Repeat the listing below verbatim, without its images.

**Dataset excerpt**
- - -

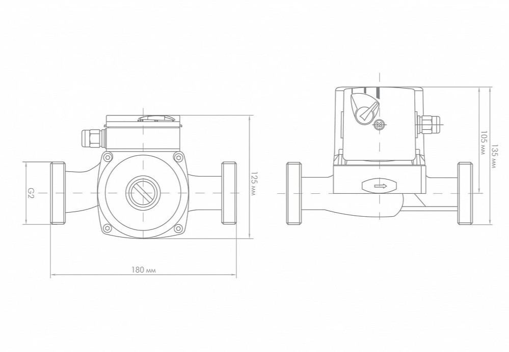 •  Установочный размер между присоединительными фланцами — 180 мм.
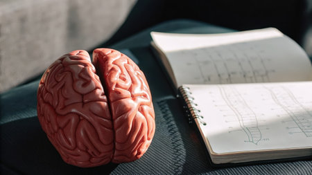A closeup view of a brain model and a notebook filled with brainstorming ideas illustrating the intersection of neuroscience and microdosing as tools for improving cognitive.
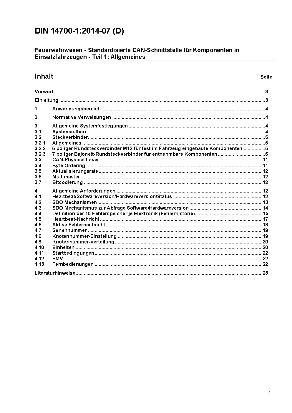 Feuerwehrwesen - Standardisierte CAN-Schnittstelle für Komponenten in Einsatzfahrzeugen - Teil 1: Allgemeines
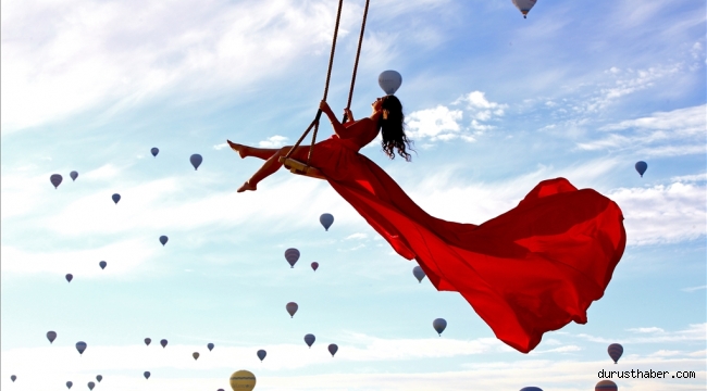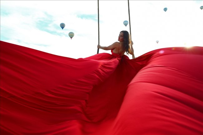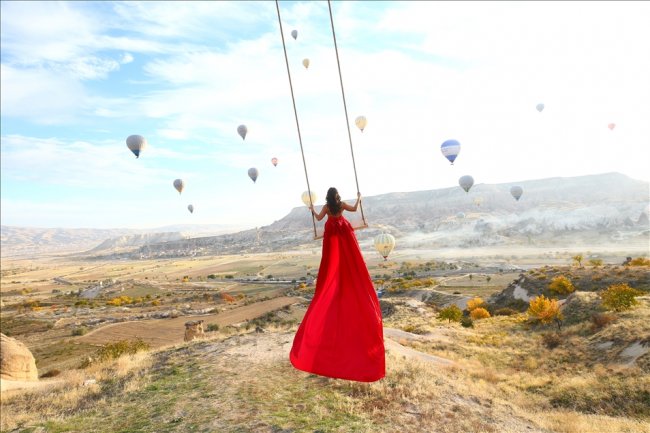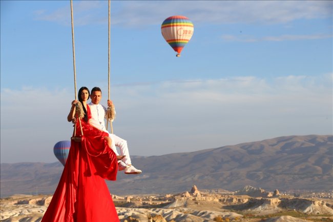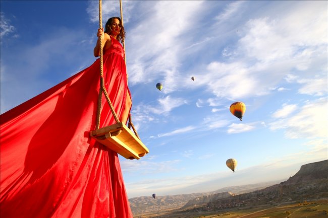 Son dönemde Kapadokya'da yaygınlaşan akımda, turistler ve düğün fotoğrafı çektirmek isteyenler, vinçlerle sarkıtılan salıncakta sıcak hava balonlarının oluşturduğu doğal dekorda anı ölümsüzleştiriyor.

- - -

**Task answer**
 •  Установочный размер между присоединительными фланцами — 180 мм.
A closeup view of a brain model and a notebook filled with brainstorming ideas illustrating the intersection of neuroscience and microdosing as tools for improving cognitive.
 Feuerwehrwesen - Standardisierte CAN-Schnittstelle für Komponenten in Einsatzfahrzeugen - Teil 1: Allgemeines
 Son dönemde Kapadokya'da yaygınlaşan akımda, turistler ve düğün fotoğrafı çektirmek isteyenler, vinçlerle sarkıtılan salıncakta sıcak hava balonlarının oluşturduğu doğal dekorda anı ölümsüzleştiriyor.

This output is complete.